On the other hand, we have D-Bus, a freedesktop.org standard that is at the core of almost every GNU/Linux system out there. It is the de-facto IPC mechanism on which your applications talk and share. D-Bus allows us to write a program in any language, and export its usefulness over a standard channel. Also allows us to write differentiated UIs (e.g, Qt vs. GTK+ vs. NCurses) to interface a common functionality. Yes, one bus to bind them all!

Joining these two pieces together is just the next logical step. A step towards bringing together the best of two contexts: the ubiquity of the Web and the inter-process collaborative nature of the Desktop.

We need to write applications that you can host and use securely and reliably not only in your computer, but anywhere in the Planet where you happen to have a browser plugged into the Net; whether it is your laptop, mobile phone, tablet or your neighbors’ PS3. We also need to encourage application developers to export the logic of their programs over D-Bus, to allow other platforms (like the Web!) to reuse it. Telepathy is a good example of such program.
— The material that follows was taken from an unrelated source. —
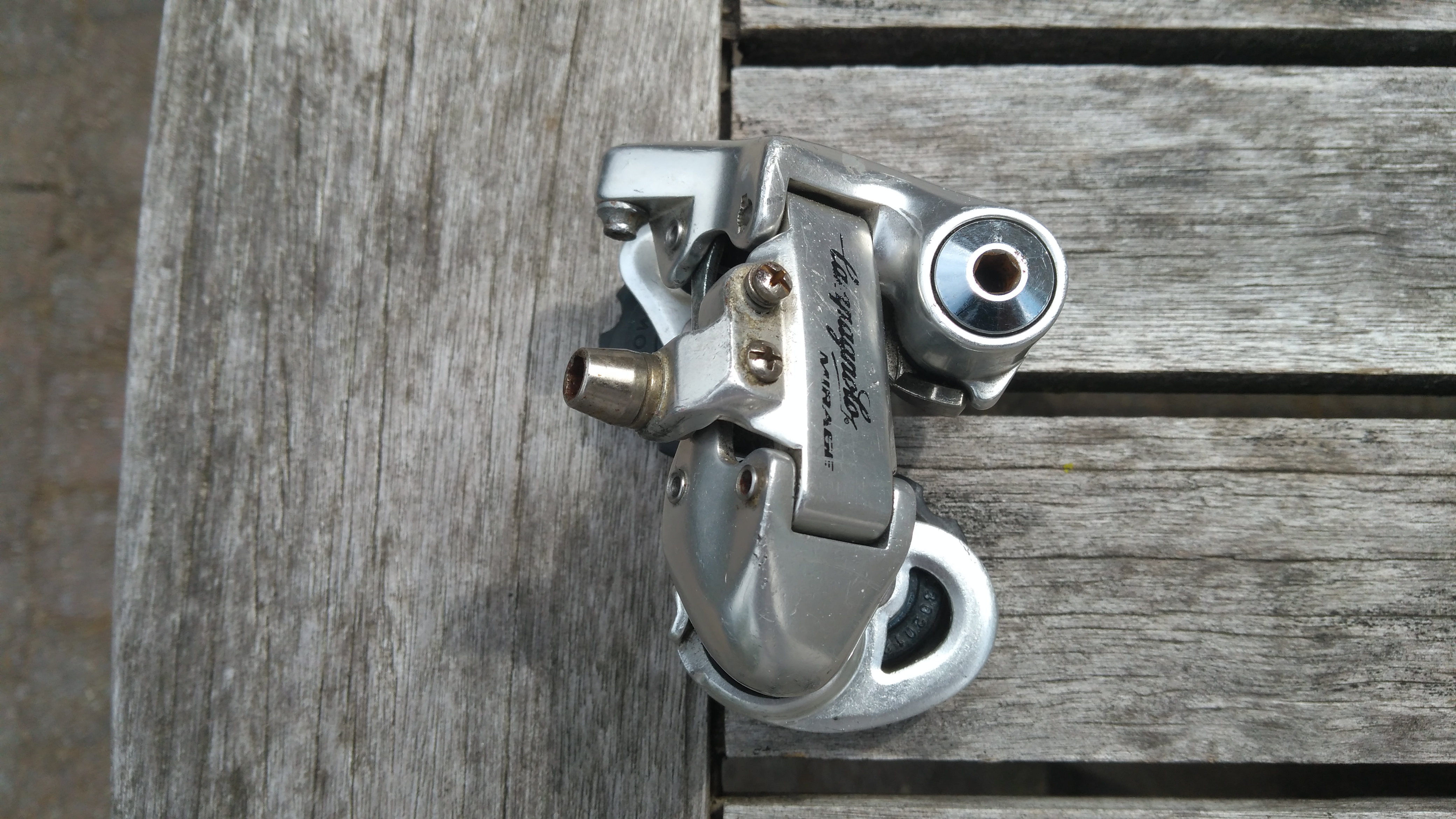 Van mijn Campagnolo Mirage, 8 speed achterderailleur is de stelschroef van de kabel op een vervelende manier afgebroken (zie vooral foto 2).

Almost identical applications in terms of functionality are written for many FOSS environments like GNOME, KDE, MeeGo, Android, etc; yet many times only the user experience and the technologies used to build it are different. Although not always possible, there is room for a wider code-reusing culture if we come back to the original Unix philosophy:


Write programs that do one thing and do it well. Write programs to work together. Write programs to handle text streams, because that is a universal interface.

That universal interface has just been upgraded.